30.1.2.1 intro to chromosomal genetics

  • humans have 2 copies of every gene (can be same variant or different)
  • meiosis is the process of making gametes with only 1 copy of all of the genes
  • fertilization fuses two gametes each with 1 copy back into a cell/organism with 2 copies (1 from each parent/gamete)

To summarize the important points about meiosis, parents each make gametes that contain only one of their 2 possible copies of each chromosome. Then the gametes can fuse together by fertilization to make the offspring (next generation) that again has 2 copies of each chromosome (one from each of their parents).

Below are some cartoons of meiosis starting with an example cell that has 2 chromosomes (one with the A gene and a second with the B gene) and this organism has 2 copies of each chromosome.

cartoon example cell

Figure 30.1: cartoon example cell

Notice that the chromosomes have different variants.

When that cell goes through meiosis, it produces gametes that have one copy of each of the 2 different chromosomes.

making gametes

Figure 30.2: making gametes

Compare the original/parent and gamete and convince yourself that this gamete has one of each of the different chromosomes in the original/parent organism. Notice that the figure below says that the gamete shown is only one of the possibilities. If you like to think ahead, what are the other possibilities? If you’re not up for it yet, don’t worry, we’ll get there.

To make an offspring, 2 gametes fuse by fertilization.

fertilization

Figure 30.3: fertilization

Since each gamete has only 1 copy of each chromosome, when 2 gametes fuse, there are again 2 copies of each chromosome (one from each of their parents). So, new humans have 2 chromosomes, one from each parent.

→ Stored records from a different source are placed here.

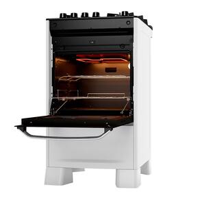 DADOS TÉCNICOS: - Voltagem: Bivolt - Cor: Branco - Quantidade de bocas: 4 Bocas - Acendimento: Automático - Tipo de mesa: Vidro temperado - Instalação: Fogão de piso - Funcionamento: Gás - Capacidade do forno: 56L - Tampa: Não - Grades do forno: 1 grade fixa e 1 grade deslizante com 3 níveis de ajuste no forno - Botões Removíveis: Sim - Tipo de gás: GLP - Trempes: Trempes individuais de ferro fundido com 6 apoios - Medidas do fogão (AxLxP): 92x49,5x64,3 cm - Peso: 24 Kg - Garantia: 12 meses
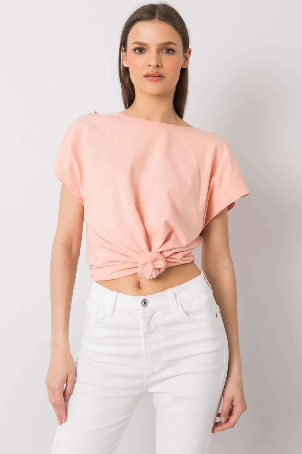 Halenka s krátkými rukávy a kulatým výstřihem. Zadní díl s hlubokým výřezem lemovaným ozdobným volánem.
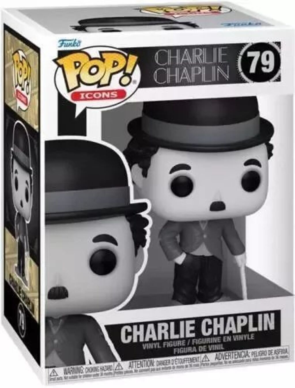 Pop! Icons 79 Charlie Chaplin van ongeveer 9 cm groot. Gemaakt door Funko. Nieuw in verpakking. Verzendmethode binnen Nederland is pakketpost.

30.1.2.2 thinking probilitisically

To wrap this back around to probability and tree diagrams, you can think of each parent as having a coin for each chromosome, and each chromosome-coin has 2 sides - H and T for a coin, one for each copy of the chromosome (A1 or A2). The chromosome version is equally likely to fall on the A1 or A2 “side” (as long as we only consider one gene on each chromosome, which we will do for now). So, our tree diagram looks like this:

one chromosome tree - first parent

Figure 30.4: one chromosome tree - first parent

Now if we think of the gametes from the second parent as a second “coin” with A1 and A2 “sides”, our tree diagram looks like this:

one chromosome tree - second parent

Figure 30.5: one chromosome tree - second parent

Then we can use the multiplication rule to find the probabilities of the different offspring as seen below:

one chromosome tree - offspring

Figure 30.6: one chromosome tree - offspring

We can also use the addition rule to clean up our prediction a bit since most of the time it doesn’t matter which parent you get an allele from, so A1A2 and A2A1 are equivalent and we can add their probabilities together to get a combined \(p(A1A2)=0.5\).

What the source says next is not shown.